November 24, 2002
Explaining Suicide Terrorism

ABC News Nightline tried this week to explain the phenomenon of suicide bombers. I didn't get to see the program, but the Nightline website has transcripts of some of the interviews.

Gaza psychiatrist Eyad Sarraj says

"I believe that every single case of a suicide bomber is attributed directly to a history of trauma during childhood...It is a form of despair...And of course, if someone wants to kill himself no one can stop him."
For some reason, Sarraj is not asked to diagnose the bureaucracy that funds, trains, equips, videotapes and transports the traumatized and desperate human missiles to their targets. If someone wants to use a vulnerable human being as ordnance, can no one stop him?

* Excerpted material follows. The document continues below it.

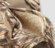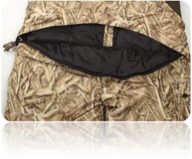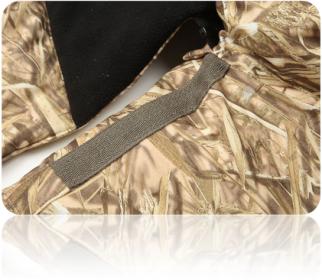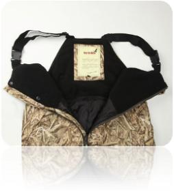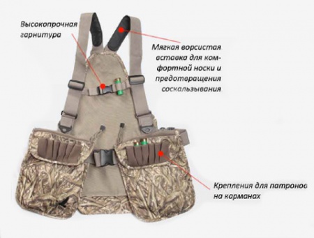 Карманы руковицы утеплены искусственной бараньей шерстью. Карман рюкзак для дичи расположен на спине, имеет отверстие для вывода влаги. Подгонка лямок под любой размер.

Another interview is with the incarcerated Mohamed Daghlas, who helped take a bomber to his massacre. Daghlas would have preferred to be a martyr himself, but said "There were circumstances that forbid me to do it myself". He didn't say what the circumstances were, but I'm guessing that either cowardice or intelligence might have had something to do with it. Contrary to the psychiatrist's theory about trauma and emotional damage, Daghlas said the bomber "was in very stable condition and he was calm and very normal". Daghlas concludes the interview by saying

We in the Hamas movement believe that Palestine includes the 1948 borders but we also believe that the independent state must be within the borders of 1967- as the first step to peace and normalization and two states besides each other.
Which is an obscurant way of explaining that Hamas is committed to destroying the State of Israel

Arnold Roth, on the other hand, sees suicide terrorism for what it is

There's no point in trying to understand it. You have to be prepared to say, "This is evil, this is sickness." This is the result of whole process that we have to be able to identify when we see it, and if we don't recognize it and call it what it is, I'm afraid that we are doomed to be living with it again and again. We are seeing that already, we are seeing it in places like Bali. How many people have to be killed by this insanity before people say, "no, this is insanity." We don't need to understand this, we need to stop this.